2.5. Statistics and Analysis of Data

Statistical analyses were performed using SPSS 27.0 (IBM Corp., Armonk, NY, USA). Meat color (L*, a*, b*), pH, shear force, water loss rate, drip loss, storage loss, proximate composition (moisture, crude protein, crude fat and ash), amino acid composition, fatty acid composition, TVB–N values, e-nose sensor responses and sensory evaluation scores were analyzed by one-way analysis of variance (ANOVA), with dietary treatment as the main effect. For each trait, the value used for analysis was the mean of three technical replicates per chicken, and the chicken served as the experimental unit (n = 5 chickens per treatment). When the ANOVA indicated significant differences among treatments (p < 0.05), Duncan’s multiple range test was used to separate means. Data are presented as means ± SEM. Graphical representations were generated using GraphPad Prism 9.0 (GraphPad Software, San Diego, CA, USA) and Origin 2019 (OriginLab Corp., Northampton, MA, USA). Principal component analysis (PCA) of the electronic-nose sensor response data was performed in Origin 2019 after mean-centering and scaling the variables to unit variance, and the resulting principal components were used to visualize overall differences among dietary treatments.

3. Results

3.1. Sensory Evaluation of Meat Quality of Yellow-Feathered Broilers at Different Doses of SBE

For the sensory evaluation, only those attributes that showed significant differences among the experimental groups are presented in Figure 2. The complete dataset for all sensory attributes evaluated is provided in Supplementary Table S1. The results indicated that the umami score of the SBE–supplementation groups at 50, 300, and 400 mg/kg was significantly higher than that of the Blank group (p < 0.05; Figure 2A). The odor score of the SBE–50 group was significantly higher than that of the SBE–200 group (p < 0.05; Figure 2B), the tenderness score of the SBE–200 and SBE–400 groups was higher than that of the SBE–50 group (p < 0.05; Figure 2C), and the remaining attributes showed no significant differences (Table S1).

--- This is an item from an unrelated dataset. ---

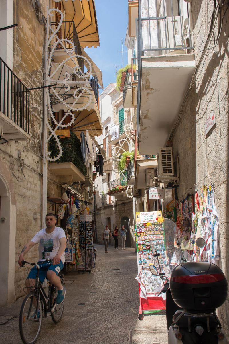Bari, bir liman ve üniversite şehri. Bundan 4 yıl önce motorsiklet ile Marsilya’dan dönerken Bari’den gece vapuru ile Yunanistan’a geçmiştim, o zaman sadece limanı görüp basit bir liman şehrinden öteye gidemeyeceğini düşünmüştüm ama limandan sadece 5 dakika ötede çok güzel bir Old Town’u ve kalesi olduğunu bu gidişimde keşfedebildim.

3.2. Study on the Effect of Different Doses of SBE on Volatile Components of Yellow-Feather Broilers Analyzed Based on E-Nose Technology

PCA of chicken breast meat (Figure 3A) showed that PC1 and PC2 together explained 82.8% of the variance (PC1, 60.6%; PC2, 22.2%), indicating that the model effectively captured the flavor differences between samples. PCA of thigh meat (Figure 3B) showed that PC1 and PC2 cumulatively explained 87.3% of the variance (PC1, 73.2%; PC2, 14.1%), indicating that the model effectively captured the flavor differences in thigh meat.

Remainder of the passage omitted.